Swiss Re to walk away from thermal coal risks

Reinsurer Swiss Re is to end the cover for thermal coal risks by the end of the decade in sweeping new changes to drive its net zero efforts.

The underwriter revealed a series of steps towards how it will move to net zero including:

  • 2025 carbon intensity reduction target of 35%1 for corporate bond and listed equity portfolio; direct real estate portfolio already ahead of 1.5°C pathway by 2025.
  • Long-term objective to exit coal-based assets for the portfolio by 2030.
  • Swiss Re will systematically engage with portfolio companies on developing climate strategies as part of a broader engagement framework.
  • Target to increase investments in renewable and social infrastructure by USD 750 million. In addition, target to expand green, social and sustainability bond exposure to USD 4 billion by the end of 2024 (from USD 2.6 billion at end of 2020).

As part of its efforts Swiss Re will report on progress towards the targets on an annual basis.

“The ambitious targets build on the already substantial decrease of the carbon intensities in Swiss Re’s corporate bond and listed equity portfolio of around 30% between 2015 and 2018,” it said in a statement.

Swiss Re’s Group Chief Executive Officer Christian Mumenthaler (above) said: “Climate change remains the biggest challenge we face as a society. The stakes are high and require immediate attention. Signing up to net-zero emissions by 2050 and setting concrete climate targets are important first steps. What needs to follow now is action. We are moving ahead in all areas of our business to accelerate the transition towards net zero.”

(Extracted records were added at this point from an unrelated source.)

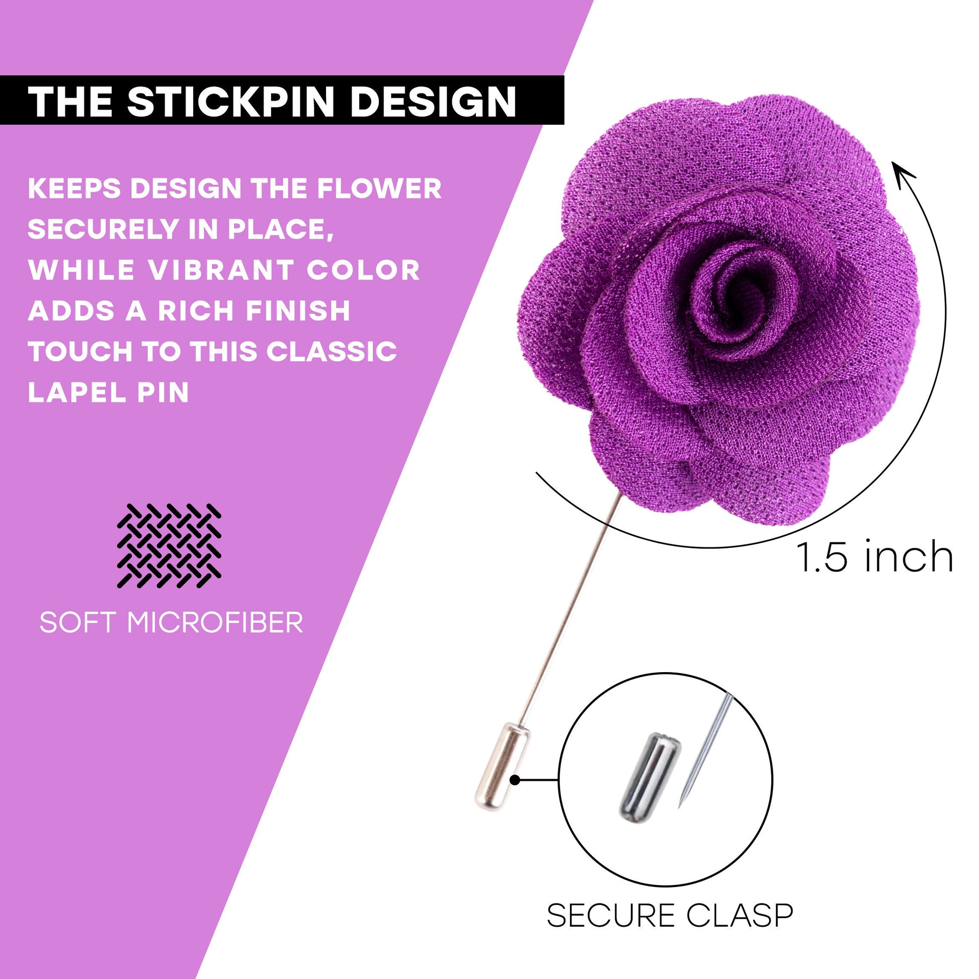 The stickpin design keeps the flower in securely in place, while the vibrant purple color adds a rich finishing touch to this classic lapel pin. Wear it to a wedding, business meeting or formal event for the perfect way to accessorize your ensemble.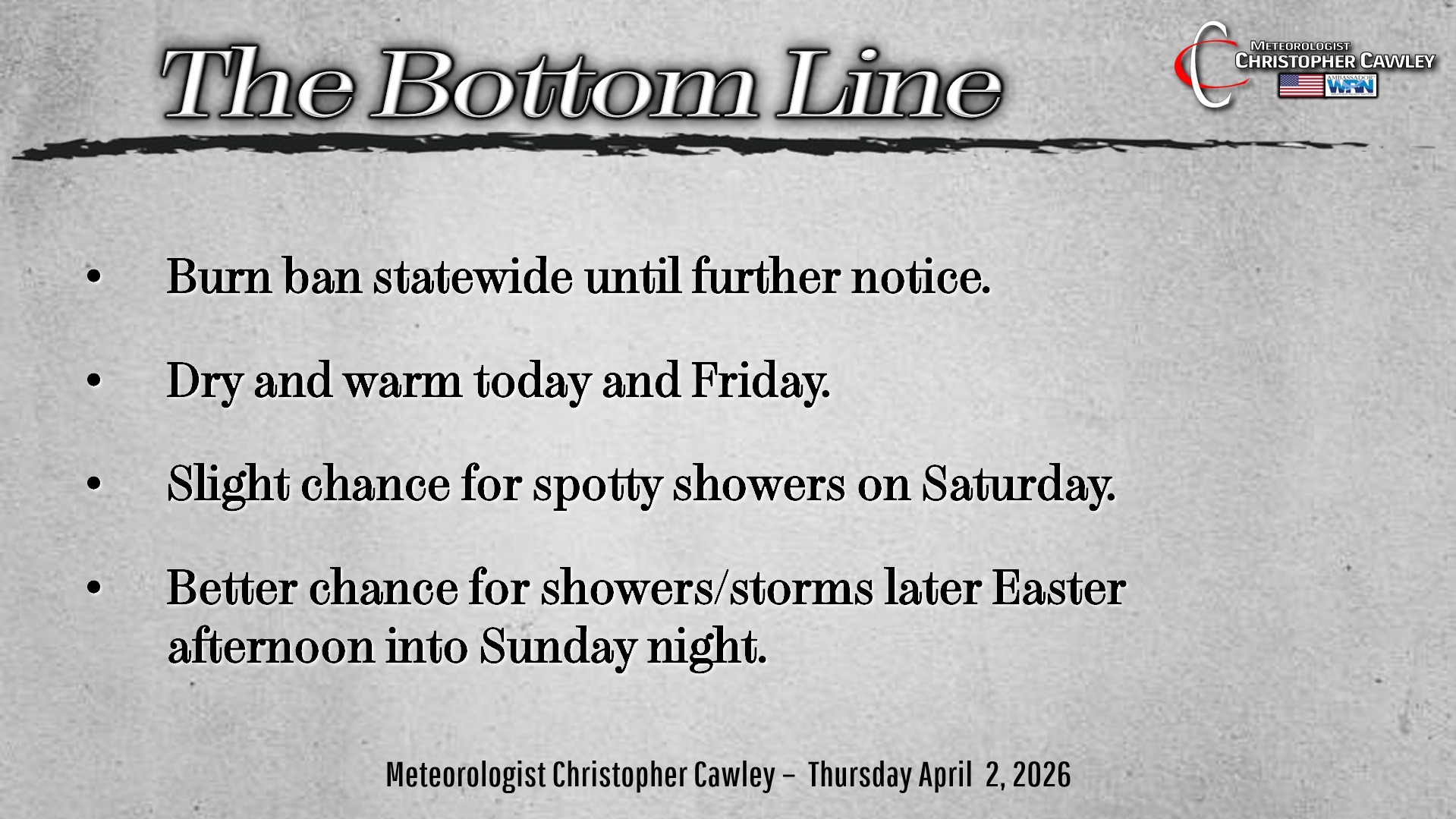 CCN Weather Update for Thursday April 2, 2026.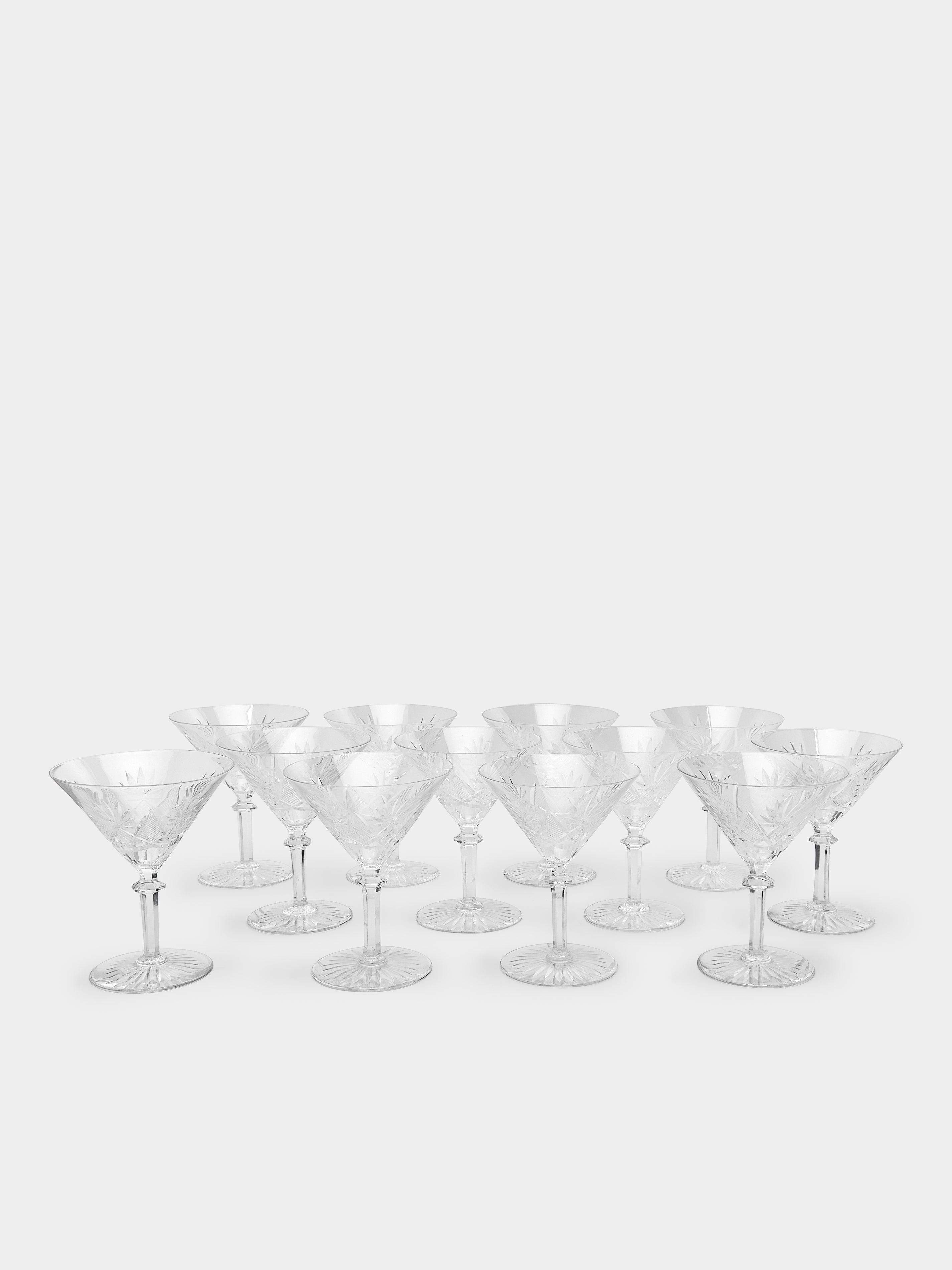 Antique and Vintage 1950s Val Saint Lambert Cut Crystal Cocktail Glasses (Set of 12)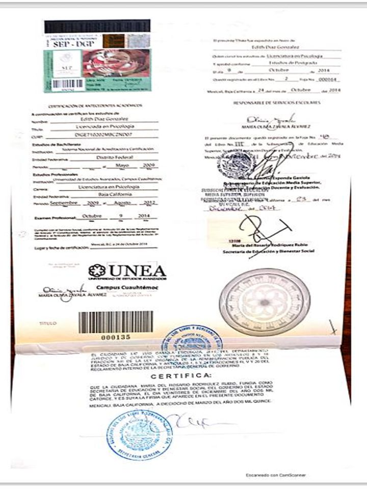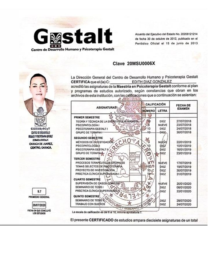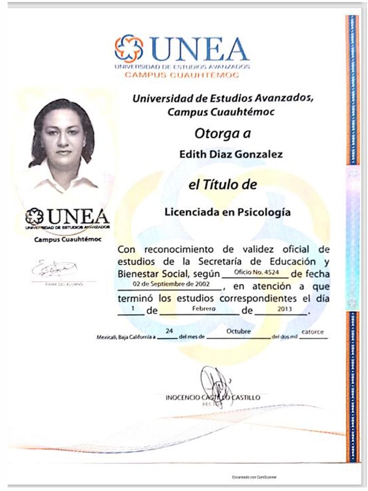 Licenciada en psicología, con especialidad en psicoterapia, en UNEA, Mexicali, B.C., también soy Maestra en Psicoterapia Gestalt, Certificada en Terapia de Regresión y Conciencia Existencial, y actualmente Doctorante en Educación y Desarrollo Integral del Ser por el Centro de Desarrollo Humano y Psicoterapia Gestalt. Atiende consulta particular en Bios-Psique en Mexicali, B.C.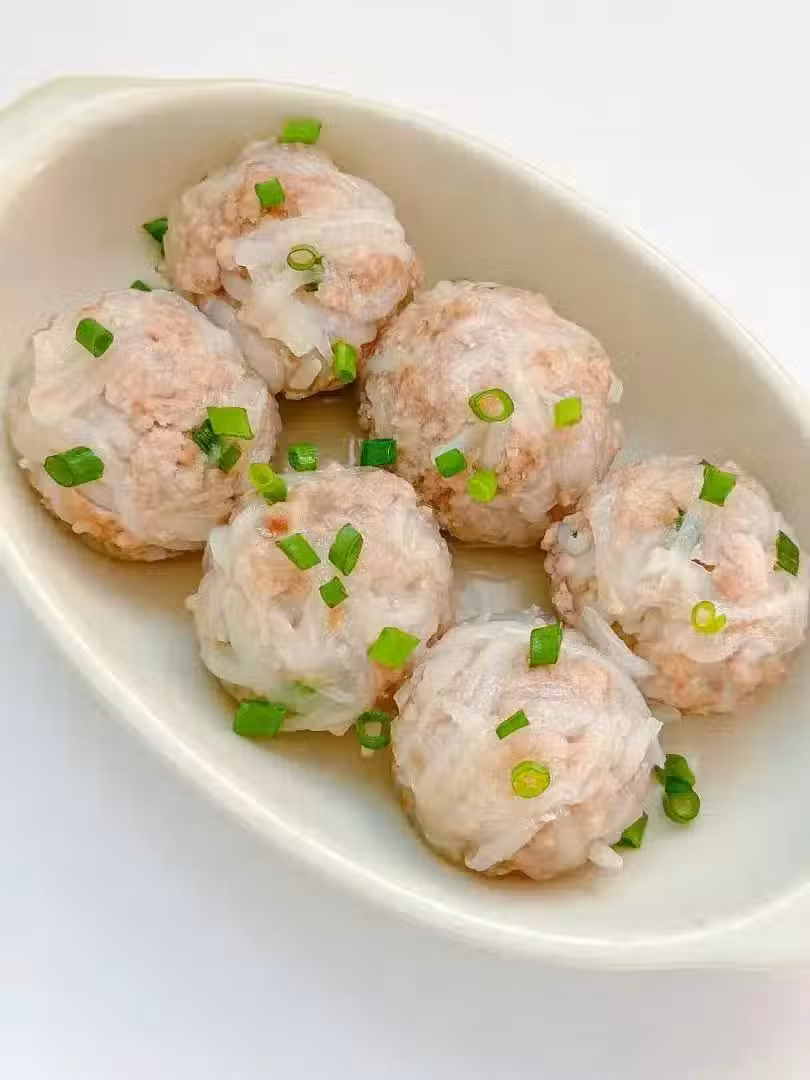 4、放入澱粉、鹽拌勻;搓成丸子上鍋蒸15分鐘即可。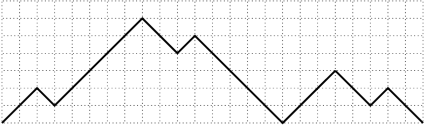 Le $a$ code un pas montant, et le $b$ un pas descendant. Le mot est reconnu si le chemin ne croise jamais l'axe horizontal et termine dessus. Ce graphique représente donc le mot $aabaaaaabbabbbbbaaabbabb$.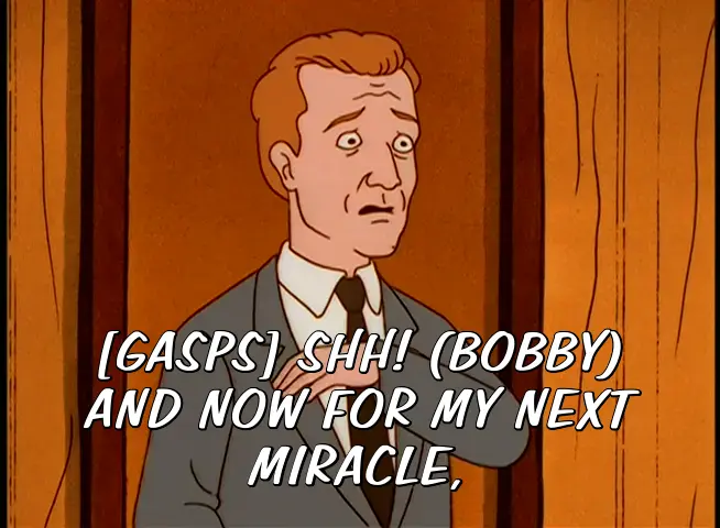 [GASPS] SHH! (BOBBY) AND NOW FOR MY NEXT MIRACLE,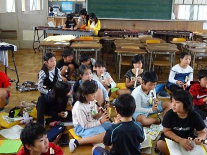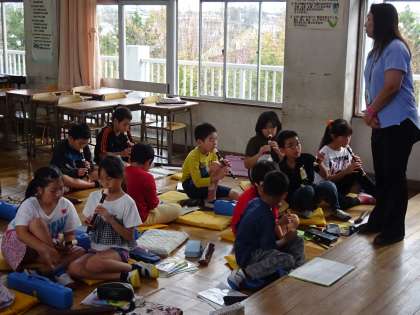 4年生は合同で音楽の授業です。「星に願いを」を演奏できるように、練習しています。
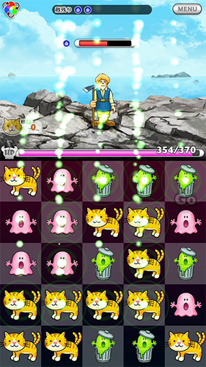 ネコと魔王のモンスター大作戦は、モンスターを3匹揃えて敵を倒していくバトル型のパズルです。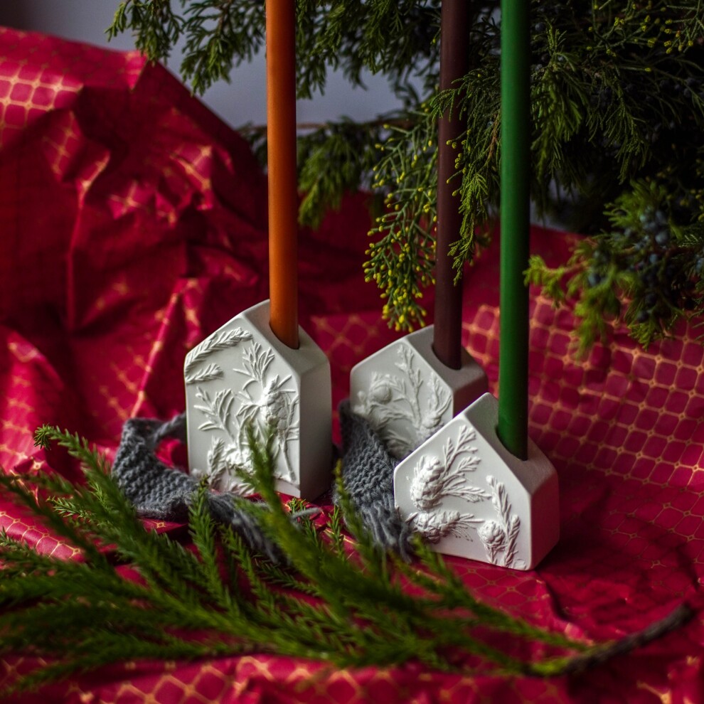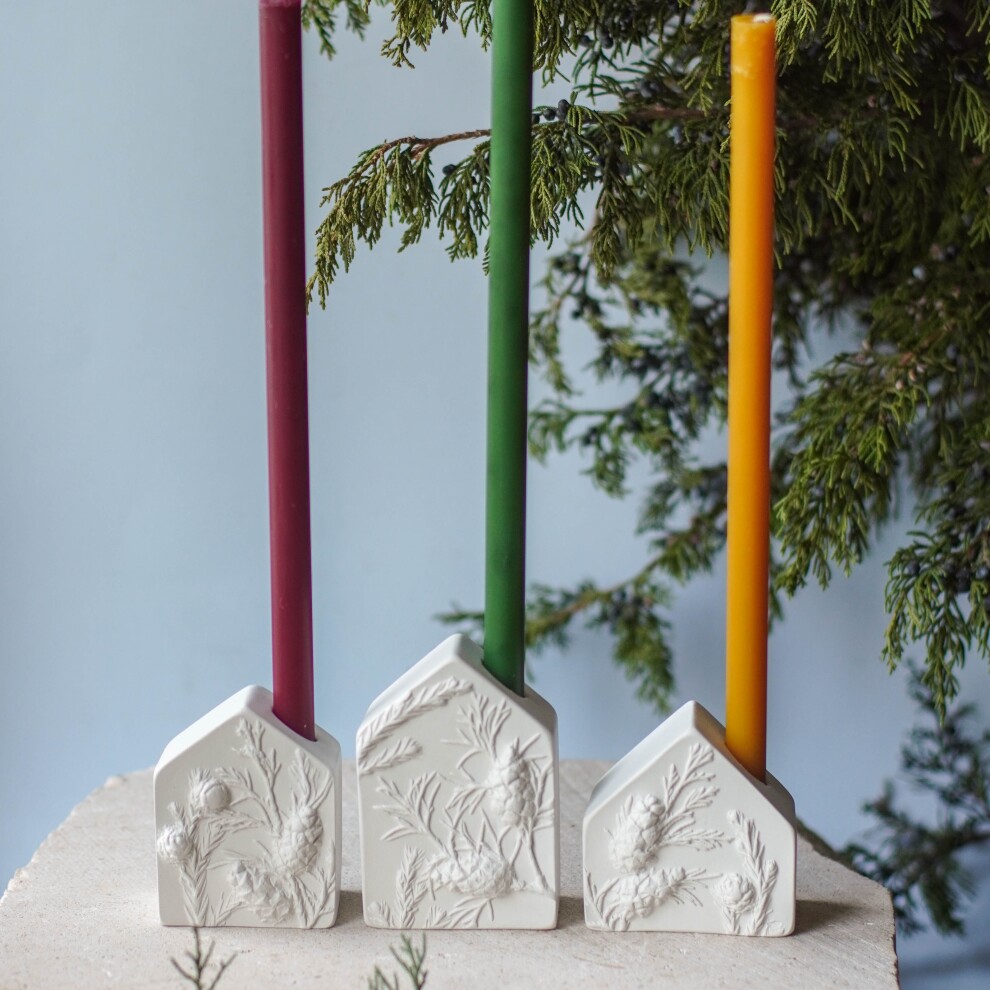 Набор из трёх подсвечников и шести свечей Хвойный лес

On the withdrawal for thermal coal business Swiss Re explained it was a core part of their efforts to accelerate its move to net-zero in insurance underwriting.

Under the scheme in 2023 Swiss Re will tighten its coal policy by introducing new thermal coal exposure thresholds for treaty re/insurance across its property, engineering, casualty, credit & surety and marine cargo lines of business. The thresholds will be lowered gradually and will lead to a complete phase out of thermal coal exposure in OECD countries by 2030 and in the rest of the world by 2040.

“The thermal coal policy was established in 2018. It marked a first step towards a comprehensive carbon steering mechanism with the goal to transition Swiss Re’s re/insurance business to net-zero emissions by 2050,” it added.

The coal policy is part of the Group’s Sustainable Business Risk Framework which was established already in 2009. In 2020, Swiss Re revised the oil and gas policy in the same framework and in the beginning of 2021 gradually started withdrawing insurance support from the most carbon-intensive oil and gas production.

The news has been welcomed by climate groups but some say that the firm should increase the speed of their transition.

Lindsay Keenan, European Coordinator, Insure Our Future said: “We welcome Swiss Re’s commitment to a full phase out of thermal coal from its treaty reinsurance and call on all other reinsurance companies to do the same. Treaty business is a very large portion of the reinsurance trade and it has been a major loophole in coal underwriting that needs to be addressed. Swiss Re has set a benchmark that the rest of the industry needs to follow, now.”

Insure Our Future said it wrote in early March to ten of the world’s largest reinsurance companies urging them to take action to exclude coal from their treaty business.

Mr Keenan added: “Now that Swiss Re has responded with an ambitious and clear commitment, we call on Munich Re, Hannover Re, SCOR, Berkshire Hathaway, Lloyd’s of London, MAPFRE and Vienna Insurance Group to quickly follow suit.”

Angelina Dobler, Climate Campaigner, Campax said: “As Swiss Re finalises the details of its approach to treaties, they need to exclude treaty cover for any companies developing new coal projects immediately. Swiss Re also needs to align its reinsurance business with the need to phase out oil and gas production to limit global warming to 1.5°C, starting with an immediate end to covering new oil and gas expansion projects.”

Swiss Re said the new targets have been defined in accordance with science and the Net-Zero Asset Owner Alliance Target Setting Protocol, which the reinsurer played an instrumental role in developing, and which serves as a guide for the Alliance members.

It will expand its green, social and sustainability bond exposure to US$4 billion, something to described as “an ambitious target within the industry relative to total assets under management” and increasing social and renewable infrastructure investments by $750 million.

Swiss Re’s Group Chief Investment Officer Guido Fürer said: “We believe that by engaging with the real economy and supporting the companies we invest in to develop a climate strategy and to manage related risks, we will improve our risk-adjusted returns, while also propelling the transition to a net-zero emissions economy.

“While we have already made considerable progress by substantially cutting CO2 emissions of our portfolio, today’s announcement is another important step in the race to net-zero. As asset owners we can play a meaningful role, and I’m pleased to see momentum building amongst the investor community.”

The coal policy is part of the Group’s Sustainable Business Risk Framework which was established already in 2009. In 2020, Swiss Re revised the oil and gas policy in the same framework and in the beginning of 2021 gradually started withdrawing insurance support from the most carbon-intensive oil and gas production.